Once the job is incorporated into the queue, there are some command you can use to monitor its progress.

• squeue or qsum to show the job queue (squeue -u $USER for just your jobs);

• squeue -j JOBID to get information on a specific job

  (alternatively, scontrol show job JOBID, which is more verbose).

• squeue --start -j JOBID to get an estimate for when a job will run; these tend not to be very accurate predictions.

  Since this is not very accurate, you might be interested to know how far back in the queue your job is. This can be accomplished with the following bash function:

  function qpos() {
      if [ "$#" -eq 0 ]; then
           squeue -u "$USER" | tail -n-1 | tr -s ' ' | cut -d' ' -f2 | while read jid; do
              squeue | tr -s ' ' | cut -d' ' -f2 | sort -n | cat -n | grep "$jid"
          done | tr -s ' ' | sort -n -t' ' -k1 
      fi
      for jid in "$@"; do
          squeue | tr -s ' ' | cut -d' ' -f2 | sort -n | cat -n | grep "$jid"
      done
  }
  

  Usage:

  qpos
  
  

• scancel -i JOBID to cancel the job.

• sinfo -pcompute to look at available nodes.
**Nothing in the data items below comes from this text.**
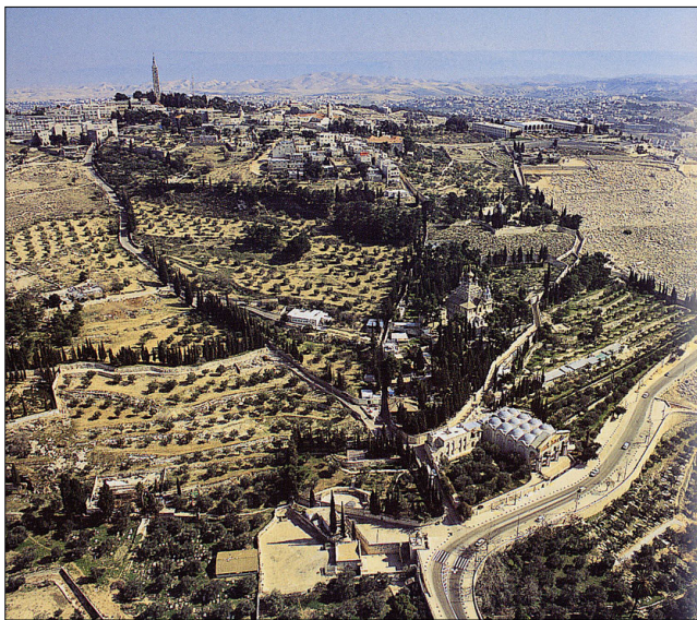
מראה כללי. מתוך: "ירושלים - מדריך לגן הארכיאולוגי"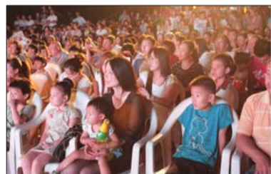
龙城夜宴晚会现场一。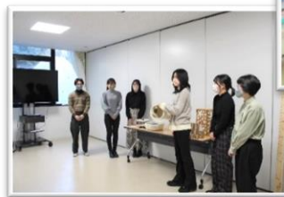
企業等への新たな提案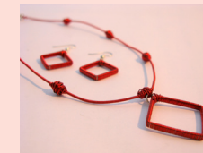
Conjunto SOFÍA Collar y aretes Alambre de cobre reciclado

• jobperf JOBID to get an instantaneous view of the cpu and memory usage of the nodes of the job while it is running.

• sacct to get information on your recent jobs.

For more information, check out the wiki page devoted to Running jobs.

Data management and I/O tips[edit]

• $HOME, $SCRATCH, and $PROJECT all use the parallel file system called GPFS.
• Your files can be seen on all Niagara login and compute nodes.
• GPFS is a high-performance file system which provides rapid reads and writes to large data sets in parallel from many nodes.
• But accessing data sets which consist of many, small files leads to poor performance.
• Avoid reading and writing lots of small amounts of data to disk.
  

• Many small files on the system would waste space and would be slower to access, read and write.
• Write data out in binary. Faster and takes less space.
• Burst buffer (to come) is better for i/o heavy jobs and to speed up checkpoints.